Let $f:\mathbb{N} \cup \{0\} \to \mathbb{N} \cup \{0\}$ be defined by $f(0)=0$, $$f(2n+1)=2f(n)$$for $n \ge 0$ and $$f(2n)=2f(n)+1$$for $n \ge 1$ If $g(n)=f(f(n))$, prove that $g(n-g(n))=0$ for all $n \ge 0$.
Problem
Source: India Postals Set 3
Tags: algebra, functional equation
07.11.2015 16:53
utkarshgupta wrote: Let $f:\mathbb{N} \cup \{0\} \to \mathbb{N} \cup \{0\}$ be defined by $f(0)=0$, $$f(2n+1)=2f(n)$$for $n \ge 0$ and $$f(2n)=2f(n)+1$$for $n \ge 1$ If $g(n)=f(f(n))$, prove that $g(n-g(n))=0$ for all $n \ge 0$. Easy induction gives $f(n)=2^{k+1}-n-1$ $\forall n\in[2^k,2^{k+1})$ Any integer $n\ge 0$ may be written in a unique manner in one of the two forms : Either $n=2^u-2^v+t$ where $u>v\ge 0$ and $t<2^{v-1}$ Either $n=2^u-1$ where $u\ge 0$ If $n=2^u-2^v+t$ where $u>v\ge 0$ and $t<2^{v-1}$ : $f(n)=2^v-t-1$ and $g(n)=f(f(n))=t$ So $n-g(n)=2^u-2^v$ and $f(n-g(n))=2^v-1$ and $g(n-g(n))=f(2^v-1)=0$ If $n=2^u-1$ where $u\ge 0$ : $f(n)=0$ and $g(n)=f(f(n))=0$ So $n-g(n)=2^u-1$ and $f(n-g(n))=0$ and $g(n-g(n))=f(0)=0$ Q.E.D.
07.11.2015 18:09
utkarshgupta wrote: Let $f:\mathbb{N} \cup \{0\} \to \mathbb{N} \cup \{0\}$ be defined by $f(0)=0$, $$f(2n+1)=2f(n)$$for $n \ge 0$ and $$f(2n)=2f(n)+1$$for $n \ge 1$ If $g(n)=f(f(n))$, prove that $g(n-g(n))=0$ for all $n \ge 0$. In fact: the function may be described as the following: Take any non-negative integer $x$, express it in binary system, replace the 1's with 0's an vice versa, and turn it into decimal again.
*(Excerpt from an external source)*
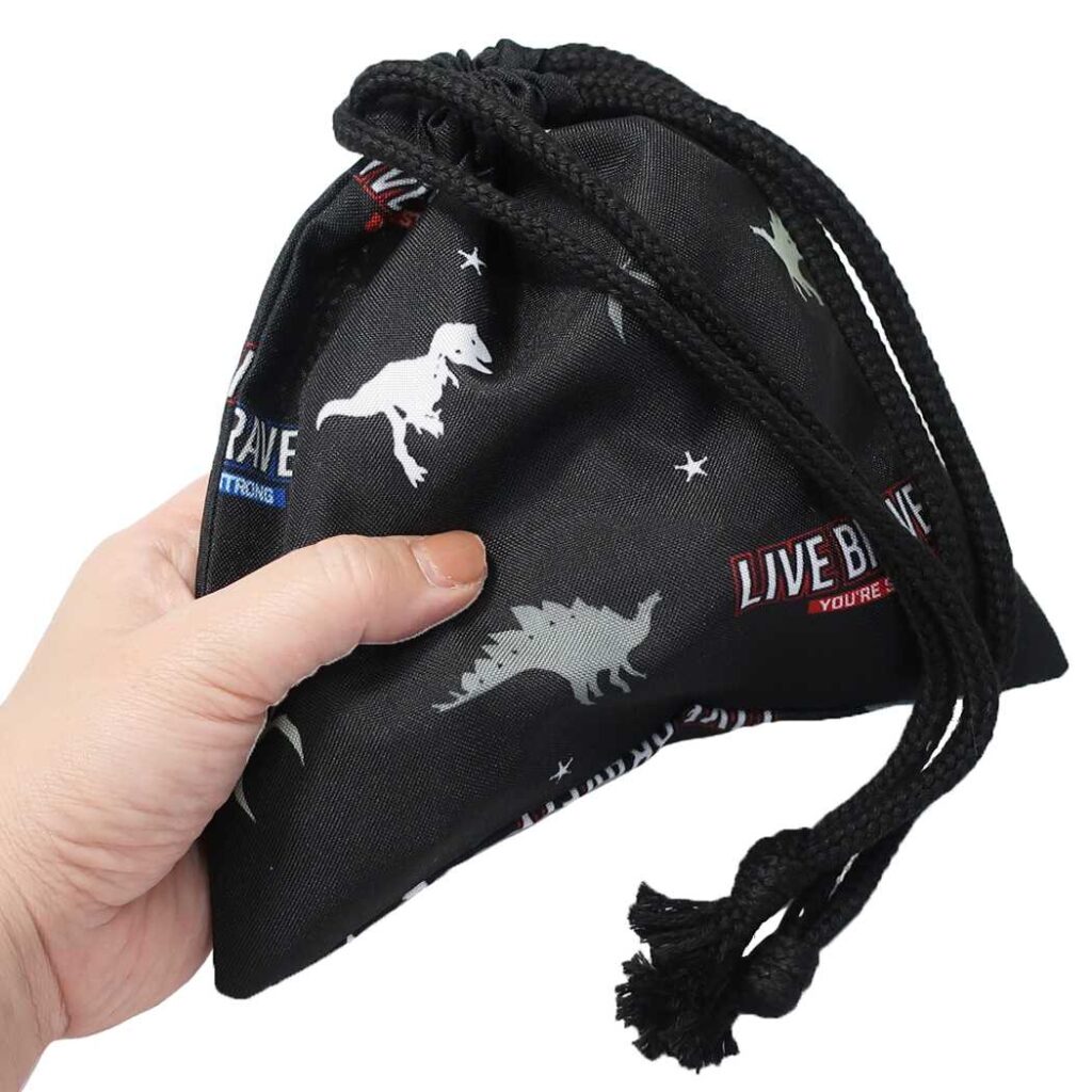 こちらの商品は特に小学生や幼稚園の男の子向け、ブラックのかっこいい恐竜デザインの巾着になります。

You end up with $f(x)$. This may be easily established by strong induction. By this description, $g(x)$ turns out to the number you get when you delete the leftmost block of 1's in the binary representation of $x$. Subtracting this from $n$ leaves only that block of 1s, followed by zeroes. If you again apply $g$ on it, even that block of 1s gets removed, so we get $0$, as desired.